TOKYO: Visitors to Google Maps can now roam virtually through the overgrown streets of an abandoned town where time has stood still since a tsunami crippled Japan’s Fukushima nuclear plant two years ago.
Half of the town of Namie, on the Pacific coast, sits within the 20-kilometre (12-mile) evacuation zone around the nuclear plant, which was wrecked when the 2011 tsunami crashed into Japan.
With cooling systems knocked out by the tsunami, three reactors at the plant melted down, spewing radioactive particles into the air, soil and sea and forcing Namie’s entire population of 21,000 to flee.
“The world is moving on to the future after the disaster… but time has stopped in the town of Namie,” said mayor Tamotsu Baba, writing on a blog for Google Japan.
“I hope these street views will show the people of future generations what the great earthquake and nuclear disaster brought,” he said.
“We need many years and many people’s cooperation to rise again from the nuclear crisis. We will never give up on getting back our hometown,” he said.
The natural disasters killed nearly 19,000 people, including those whose bodies are yet to be recovered.

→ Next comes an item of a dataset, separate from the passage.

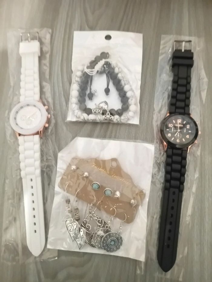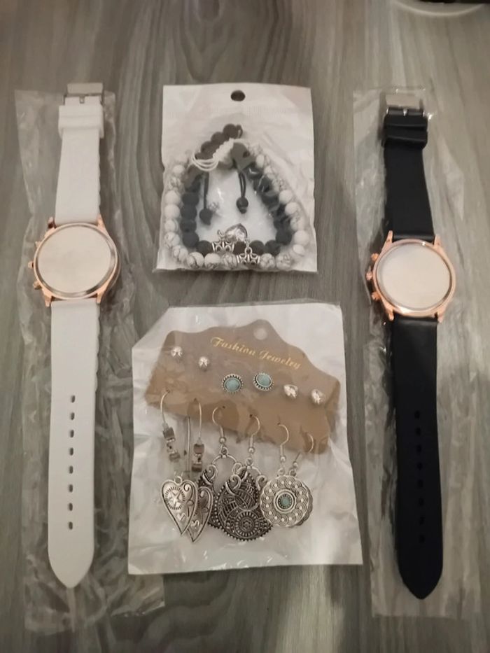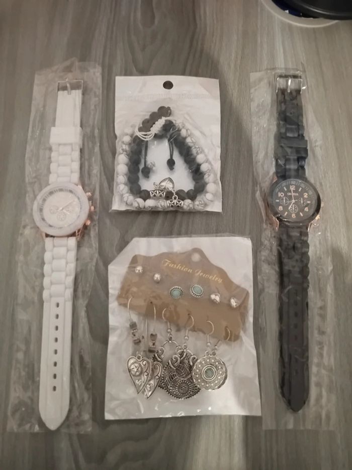 Lot de bijoux fantaisies neufs ( femme ) Le lot comprend ce qu'il y a en photos 2 montres neuves avec piles inclus ( 1 blanche ,1 noire) 2 bracelets cœur aimanté neufs ( 1 blanc, 1 noir) 1 lot de 6 paires de boucles d'oreilles neuves Envois mondial relais 7j/7j

Some parts of the town were swamped by the waves of March 11. Houses and other buildings damaged by the water can be clearly seen.

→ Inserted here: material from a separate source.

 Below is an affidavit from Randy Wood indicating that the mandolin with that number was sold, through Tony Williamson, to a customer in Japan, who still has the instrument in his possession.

But many of the buildings are intact, abandoned when the sudden order to evacuate came two years ago.
Tens of thousands of people in the area were forced from their homes by the nuclear catastrophe, the worst the world has seen since the 1986 disaster at Chernobyl.
No one is officially recorded as having died as a direct result of the radiation, but scientists warn some areas may remain contaminated for decades, while those most heavily polluted could be uninhabitable forever.